Beltway Boondoggle
The proposal to connect the Northwest Parkway to C-470 has residents of the western metro area asking: is it a Road to Nowhere, A Bridge Too Far, or a Lost Highway?
This latest pipe dream of beltway proponents comes from the failed Northwest Parkway which leased its operations to a foreign company. This foreign company, Brisa, promises two things: to raise tolls for the next 99 years for Coloradoans and to give a $100 million dollar payoff to the directors of the Northwest Parkway if they can complete the beltway.
Let me bring you up to speed. While I'm doing this, hum along to another famous song, "Won't Get Fooled Again."

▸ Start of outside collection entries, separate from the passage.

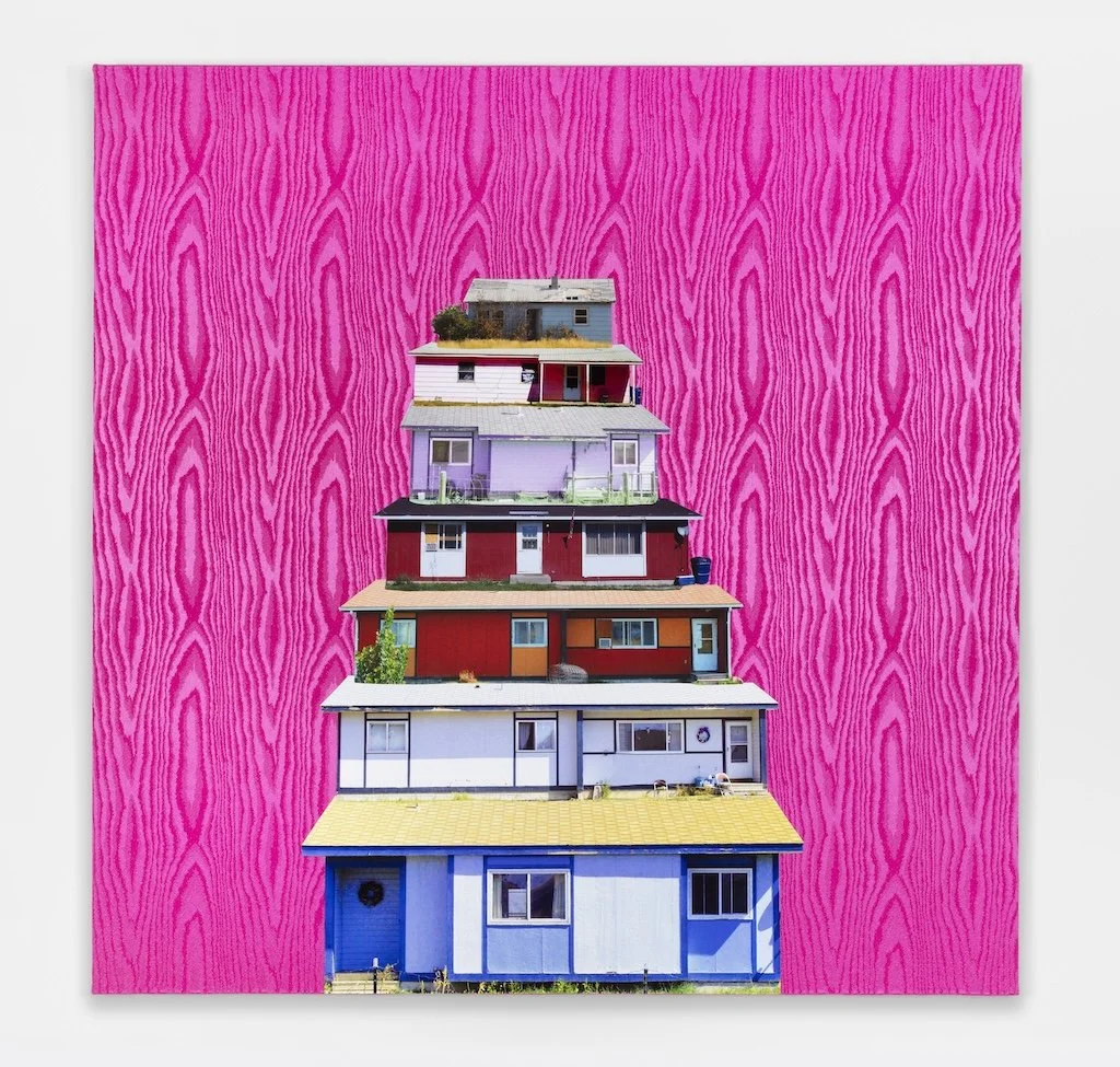 One could be forgiven for making the visual connection between Andy Warhol’s candy-colored pop art prints of both the ordinary and the famous and Wendy Red Star’s rez cars and houses series, shot in the brilliant Montana light in the summers of 2007 and 2008. The cars and especially the homes—cobalt, burnt orange, peach, flamingo pink, gold—are mounted on colored satin, evocative of a late 1970s suburban interior decorating aesthetic. The visual connection to Warhol’s sometimes garish color choices belies the truth of the rez homes: the rez home colors were not chosen by their occupants, or by the artist, but rather by the U.S. Government. They were, in fact, imposed colors. One could argue that neither did Warhol’s subjects/objects choose their own palettes—Warhol did—but Warhol’s colors weren’t selected because they were the least common denominator. Wendy Red Star’s father speculated that the colors of the houses were the result of the government buying the cheapest paint available, thus the motley palette, found nowhere but there. These were cast-off colors, suitable only for rez homes, and applied in staccato fashion to each of the three architectural styles found on the rez. That the home’s occupants chose not to repaint them is itself a form of resistance, its own kind of agency, a refusal to assign value to the choice and not to expend effort undoing yet another imposition.
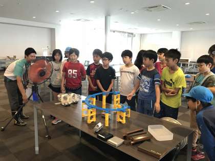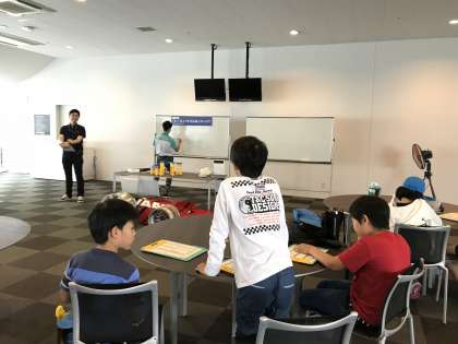 鈴鹿サーキットで、モータースポーツ体験の学習をしています。実験を交えた学習で子どもたちは興味津々です。
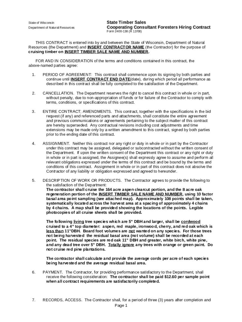 Timber Sales Contract 2400-005 (R 5-20) - dnr wisconsin template instructions
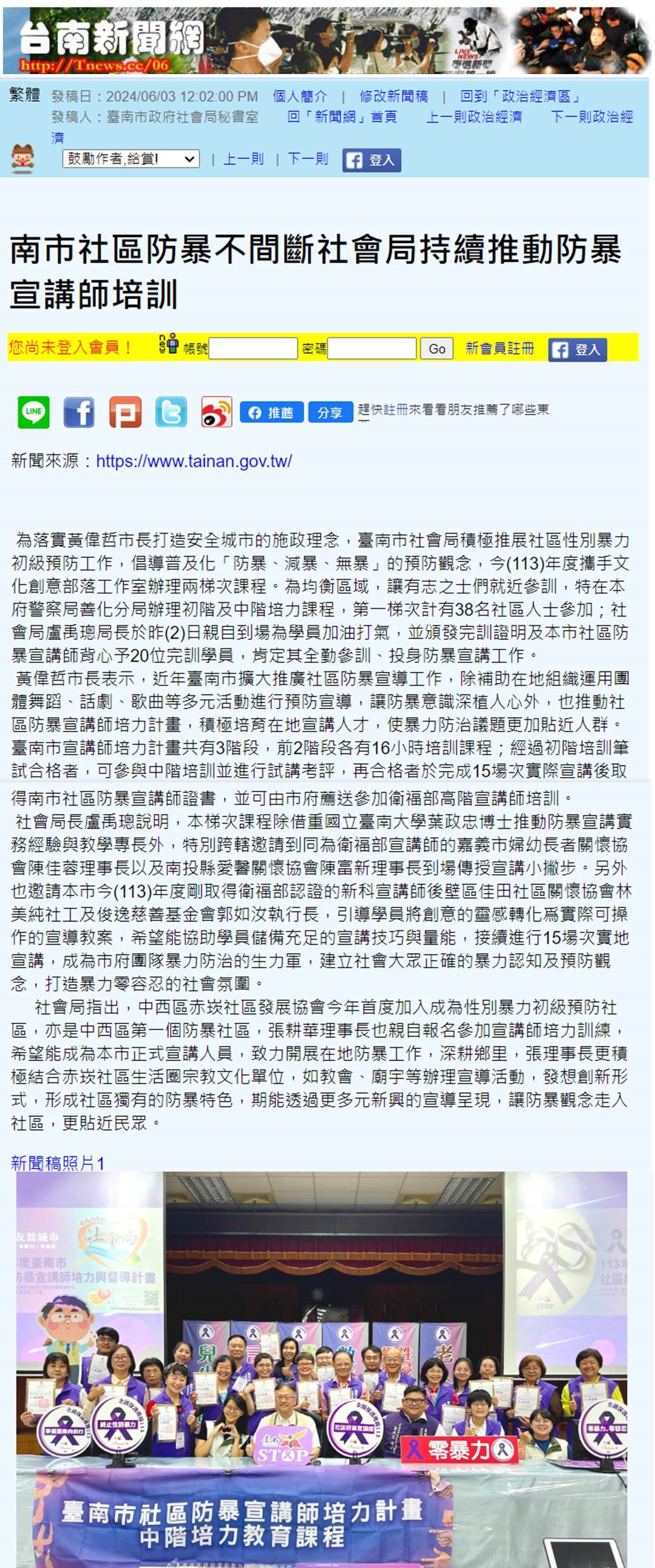 む台南新聞網め南市社區防暴不間斷社會局持續推動防暴宣講師培訓
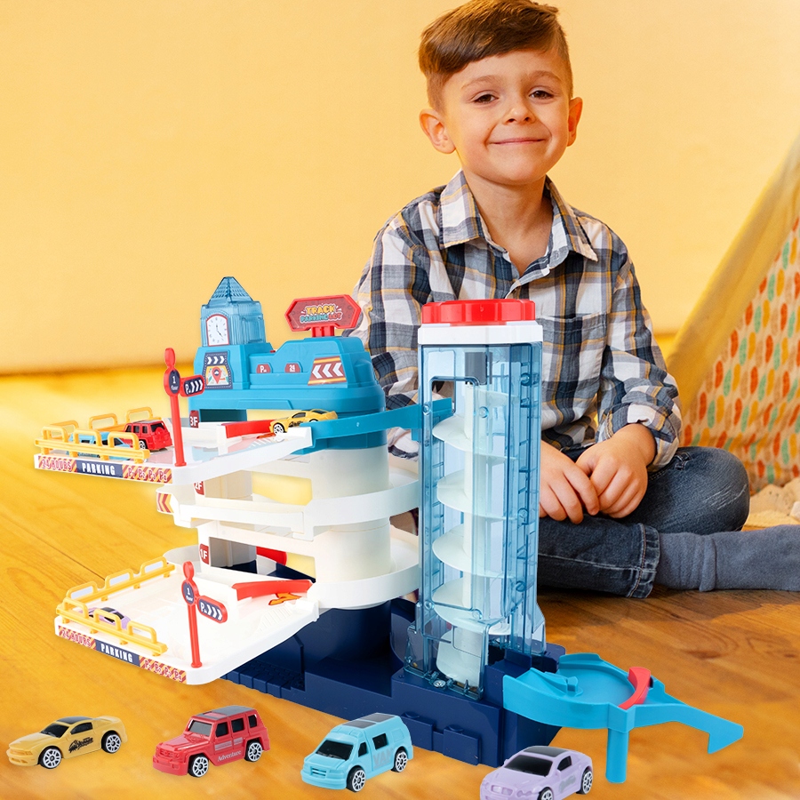 Стоянка має гірки, електричний ліфт, пересувні шлагбауми, інформаційні покажчики, автомобілі та табло. Діти можуть перекривати дорогу, паркувати машини та ковзати по спіралі, розігруючи захоплюючі сцени зі світу автомобілів.

When mayors and traffic engineers in the local governments of the Northwest Quadrant in Jefferson County met with the Colorado Department of Transportation (CDOT) in 2003, they asked for congestion relief. What they got was a beltway - even though CDOT's own figures showed there wasn't enough traffic to pay for it. Cost: $1.6 billion. So CDOT thought they would toll it, but found out tolls would only pay $600 million of the $1.6 billion.
But now that Brisa's in town, anything is possible. This foreign company wants our roads. They want to charge high tolls. Heck, they are already raising the tolls for the NW Parkway from $2 to $3, with more raises to come. And if they don't get enough toll revenues to satisfy their stockholders, then the NW Parkway directors have promised to let their roads parallel to the Parkway degrade, so that traffic will be forced to take the toll road.
And traffic analysis after traffic analysis has shown that there is just not enough traffic on SH-93 to justify turning it into a twelve lane elevated toll road (CDOT's toll road option) over the tiny town of Golden. The cost is prohibitive, financially and environmentally.
A few years back, proponents of the beltway gathered together the cities and county involved and convinced them to pay for a good traffic analysis. It found that instead of a beltway, four lanes on SH-93 and four lanes on McIntyre-Indiana would solve traffic congestion.
Why hasn't this happened? Governments much more powerful than tiny Golden really want a beltway and use their considerable political power to try and get it. Whenever Golden dares to speak up, they are tarred as uncooperative.
If Brisa gets the toll road it wants to complete the beltway, we can count on increased traffic congestion, more serious ozone violations, increased tolls, degraded side roads --and all of this for the next 99 years.
To give this perspective - what happed 99 years ago? Well, for one thing, Henry Ford unveiled his invention of the automobile. What will our transportation options be 99 years from now?
I think policymakers ought to be accountable. That means no 99 year contracts. It means not building an unnecessary vanity beltway. It means not selling our infrastructure to foreign companies - especially one like Brisa, who comes into the game with negative bond ratings. It means not guaranteeing foreign companies' profits at the expense of our citizens.
So don't let beltway proponents fool you. A beltway will not solve congestion and will probably worsen it.
It's a boondoggle with no accountability, built upon a failed foundation.